BC Studies: The British Columbian Quarterly
- Discipline: British Columbia history
- Language: English

Publication details
- History: 1969 to present
- Publisher: University of British Columbia (Canada)
- Frequency: Quarterly

Standard abbreviations
- ISO 4: BC Stud.

Indexing
- ISSN: 0005-2949

Links
- Journal homepage;

= BC Studies =

BC Studies: The British Columbian Quarterly is a Canadian academic journal about British Columbia history. It has been published by the University of British Columbia (UBC) since its establishment in 1969 by its founding editors Margaret Prang and Walter D. Young. The editors for BC Studies includes three UBC historians, two UBC geographers, a UBC historian from their Faculty of Education, a political scientist from the University of Victoria, and finally a historian from British Columbia that have experience in the archaeology and historical geography fields. It is peer-reviewed and published quarterly. It is indexed by EBSCOhost, Gale Group, H. W. Wilson, International Atomic Energy Agency, National Library of Medicine, OCLC, and ProQuest.

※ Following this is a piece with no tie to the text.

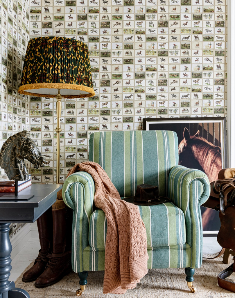 Vintage postage stamps meet equestrian elegance in this refined wallpaper by Mind the Gap. A timeless statement. #luxurywalls #equestrianstyle #wallartdesigns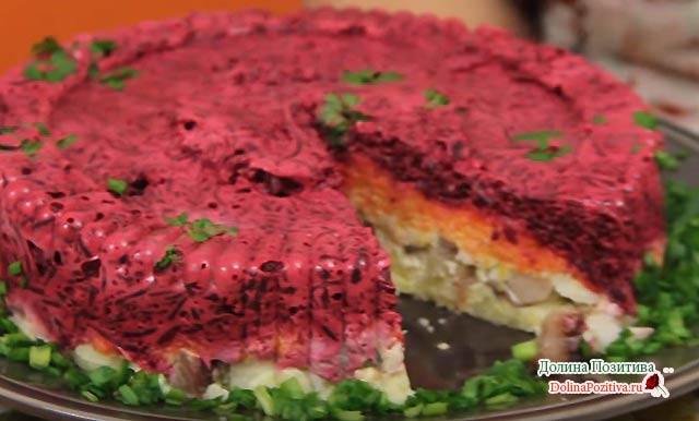Оригінальна трансформація верхнього бурякового шару в овочеве суфле перетворює класичний салат у святковий торт. Замість бісквітів в ньому овочі, роль солодкого крему виконує майонезний соус, а родзинка – ароматна оселедець пряного посолу.

BC Studies have an annual prize that is awarded to the author with the best paper published in a journal each year. This award began in 2015, and is funded by donations. The papers are judged by editors, and BC Studies Editorial Board that have made the greatest contribution to the scholarship of British Columbia.

In the Winter of 2016/17 there has been 192 issues published. In a journal issue there is usually five parts: Articles, Photo Essay, Book Reviews, Bibliography of BC and Contributors.